BioPose: Biomechanically-accurate 3D Pose Estimation from Monocular Videos
(WACV 2025)
Farnoosh Koleini *, Muhammad Usama Saleem *, Pu Wang, Hongfei Xue, Ahmed Helmy, Abbey Fenwick
For any inquiries, please email to: msaleem2@charlotte.edu
Abstract
Recent advancements in 3D human pose estimation from single-camera images and videos have relied on parametric models, like SMPL. However, these models oversimplify anatomical structures, limiting their accuracy in capturing true joint locations and movements, which reduces their applicability in biomechanics, healthcare, and robotics. Biomechanically accurate pose estimation, on the other hand, typically requires costly marker-based motion capture systems and optimization techniques in specialized labs. To bridge this gap, we propose BioPose, a novel learning-based framework for predicting biomechanically accurate 3D human pose directly from monocular videos. BioPose includes three key components: a Multi-Query Human Mesh Recovery model (MQ-HMR), a Neural Inverse Kinematics (NeurIK) model, and a 2D-informed pose refinement technique. MQ-HMR leverages a multi-query deformable transformer to extract multi-scale fine-grained image features, enabling precise human mesh recovery. NeurIK treats the mesh vertices as virtual markers, applying a spatial-temporal network to regress biomechanically accurate 3D poses under anatomical constraints. To further improve 3D pose estimations, a 2D-informed refinement step optimizes the query tokens during inference by aligning the 3D structure with 2D pose observations. Experiments on benchmark datasets demonstrate that BioPose significantly outperforms state-of-the-art methods.
Video Demos
The MQ-HMR demo highlights our method for achieving accurate 3D human mesh reconstructions from monocular images. Key to our approach is the use of a Multi-Query Deformable Transformer, which leverages multi-scale feature maps and deformable attention mechanisms to enhance pose recovery, even in complex and ambiguous scenarios. By efficiently handling uncertainty in the 2D-to-3D mapping process, MQ-HMR delivers precise and anatomically consistent 3D reconstructions.
Tennis
Ice Skating
Football
Dance
Ski
Skate Board
War
Long Jump
Soccer
Basketball
BioPose Overall Framework
Overview of BioPose, comprising two key components: (1) the MQ-HMR model, which leverages a multi-query deformable transformer decoder to extract multi-scale image features from a vision transformer, enabling precise 3D mesh recovery, and (2) the NeurIK model, which uses the mesh vertices as virtual markers and applies a spatio-temporal network to infer biomechanically accurate 3D poses while maintaining anatomical constraints.
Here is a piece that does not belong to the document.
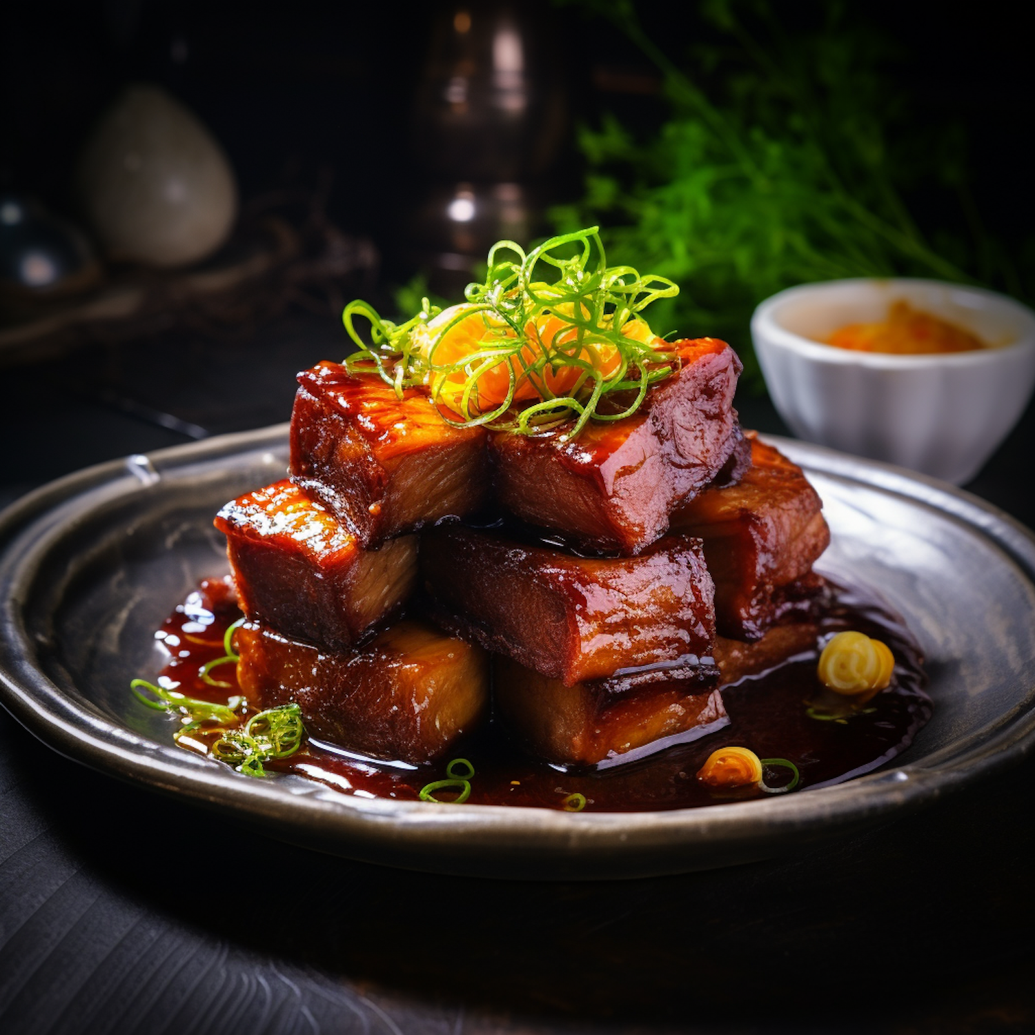Caramelized Braised Pork Belly with Garnishes

State-of-the-Art Comparison of MQHMR
Comparison of state-of-the-art methods, HMR2.0 and TokenHMR, which use vision transformers for 3D human mesh recovery from a single image. Red circles highlight errors in these methods when dealing with complex or ambiguous poses. In contrast, our MQ-HMR method addresses these challenges by incorporating a multi-query deformable transformer, leveraging multi-scale feature maps and a deformable attention mechanism to deliver more accurate and anatomically consistent pose estimations, even in difficult scenarios.
State-of-the-Art Comparison of NeurIK
Qualitative results of our proposed method BioPose and comparison with ground truth. These pictures include multiple actions such as squatting and drop jumps.
Qualitative Results on Challenging Poses
Qualitative results of BioPose showcasing its effectiveness in handling challenging poses from the LSP dataset. These results highlight BioPose's ability to achieve accurate 3D pose estimations, even in scenarios with occlusions or complex body orientations.